Щупаю ее задницу и прижимаю Дашу к месту состыковки.
— Здесь? — шепчет она, пальцами проводя по спине и снимая футболку.
— С тобой, где угодно. Как угодно, и куда угодно…
— Пошляк.
— А то, — хмыкаю я и прикрываю глаза, наконец целую пухлые уже искусанные от нетерпения губы. Привычно ощущаю дрожь от мягкого касания, словно открывающие ворота в наш личный рай. Наш. Дом.

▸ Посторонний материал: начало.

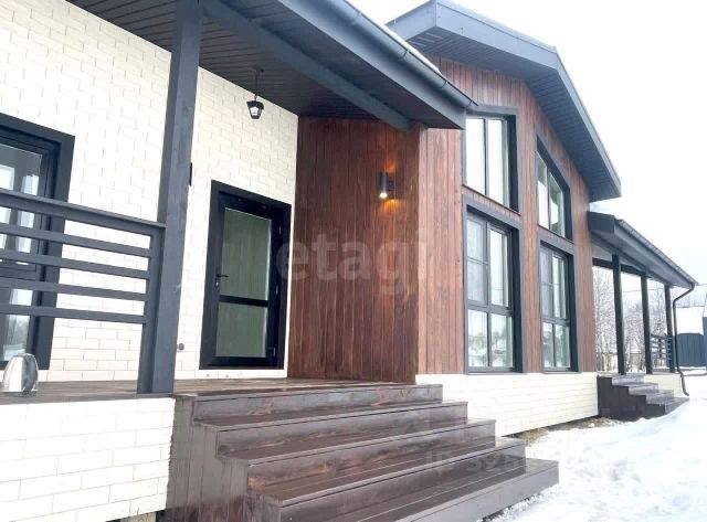 Уютный фахверк для постоянного проживания в скандинавском стиле с большим панорамным остеклением на лесном благоустроенном участке 20 соток в 50 км от МКАД по Новорижскому шоссе (30 минут в пути) в коттеджном поселке Новолеоново.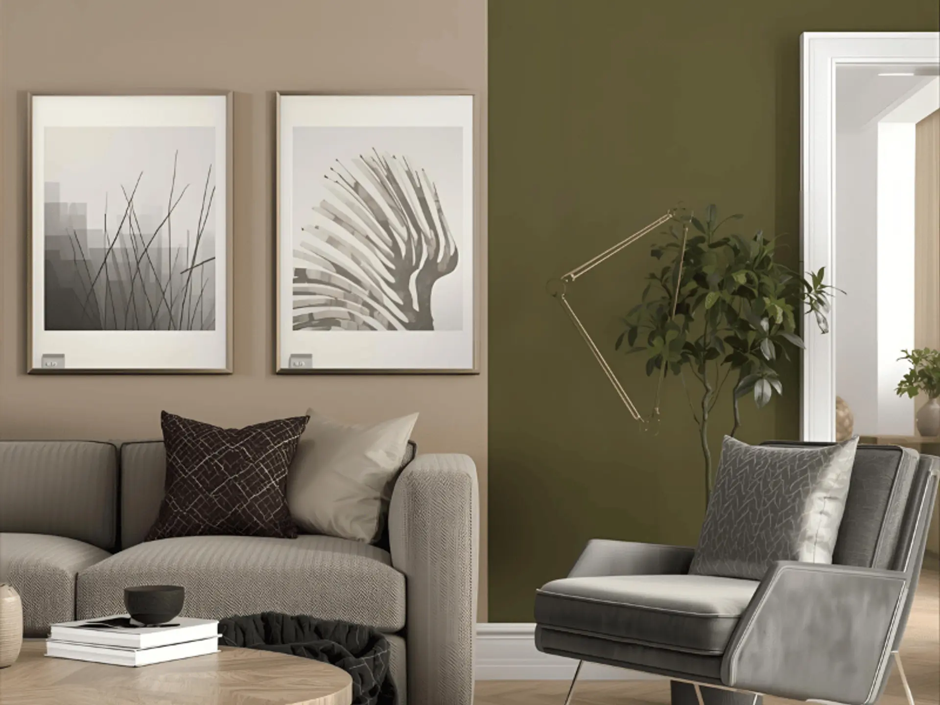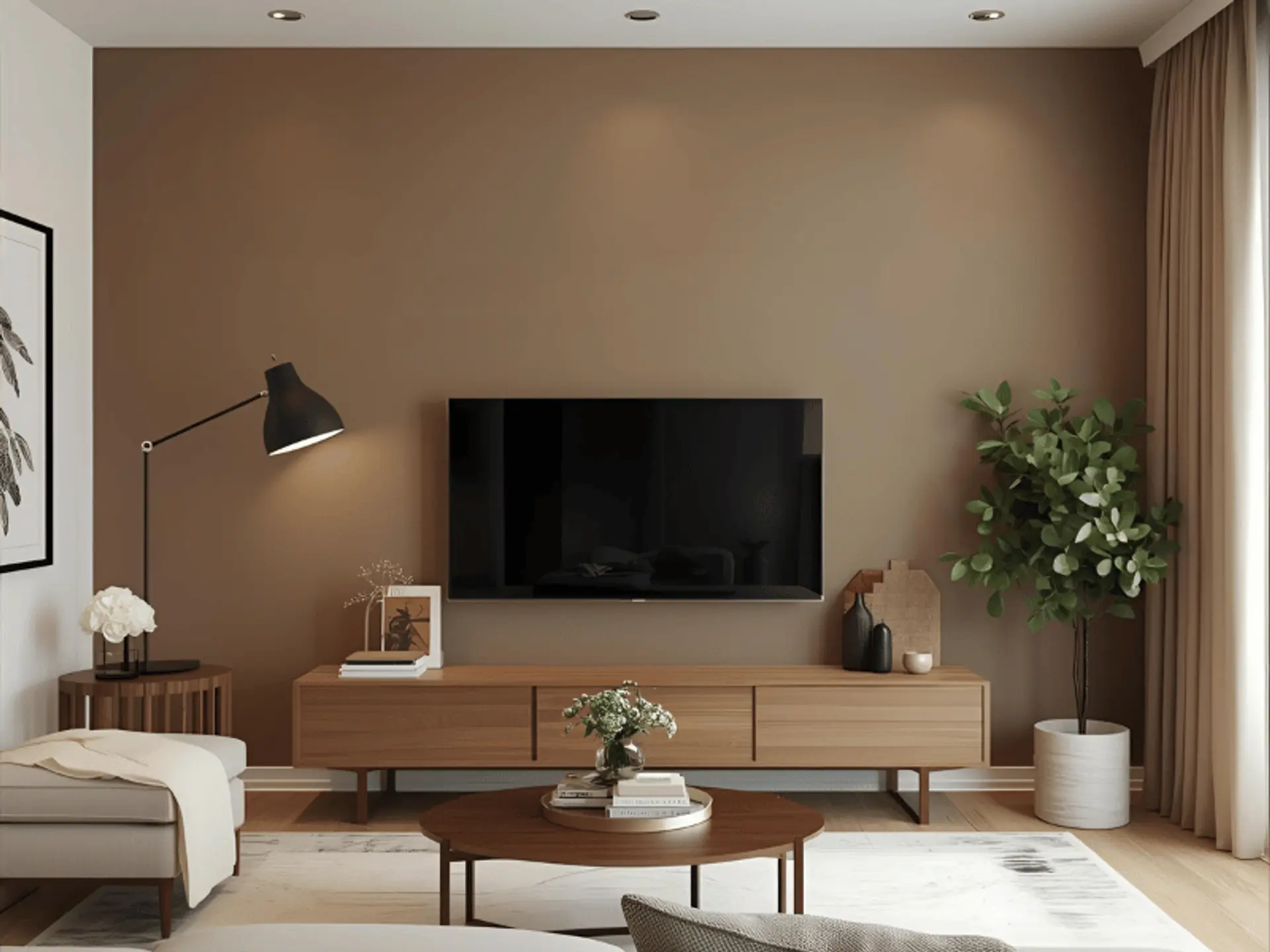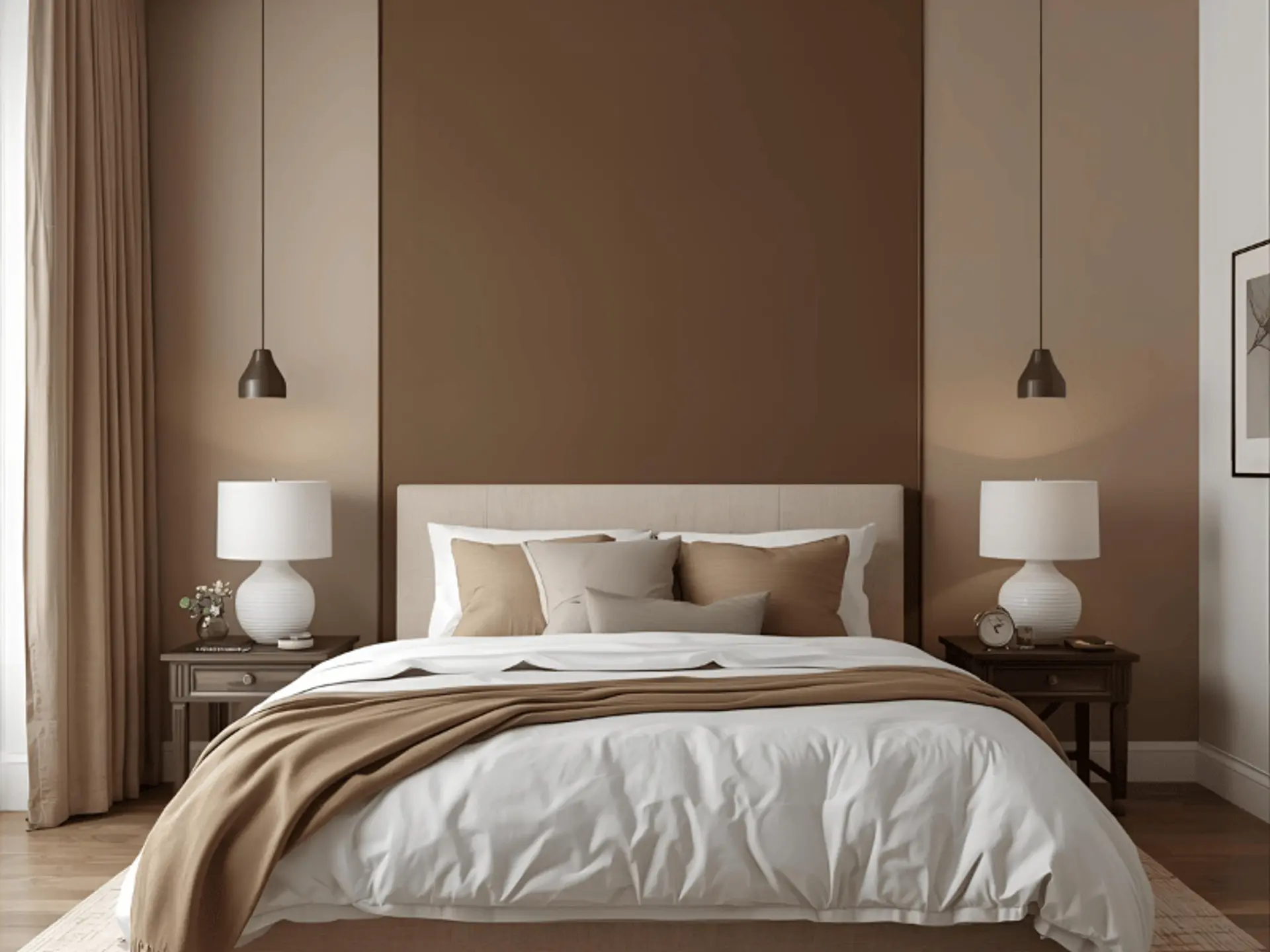 - Tip: Cream on large surfaces; coffee brown on furniture, frames, or a single feature wall.

Этот звонок был столь же неожиданным, как если бы мне сказали, что звонит сама Даша Малышева.
А так как Даша Малышева уже давно в прошлом и стала Синицыной, я так и сижу с открытым ртом, пока управляющая ресторана держит телефон.
— Вы будете отвечать? — спрашивает она. Мне до сих пор неловко, что она со мной на «вы». Хотя на десять лет старше.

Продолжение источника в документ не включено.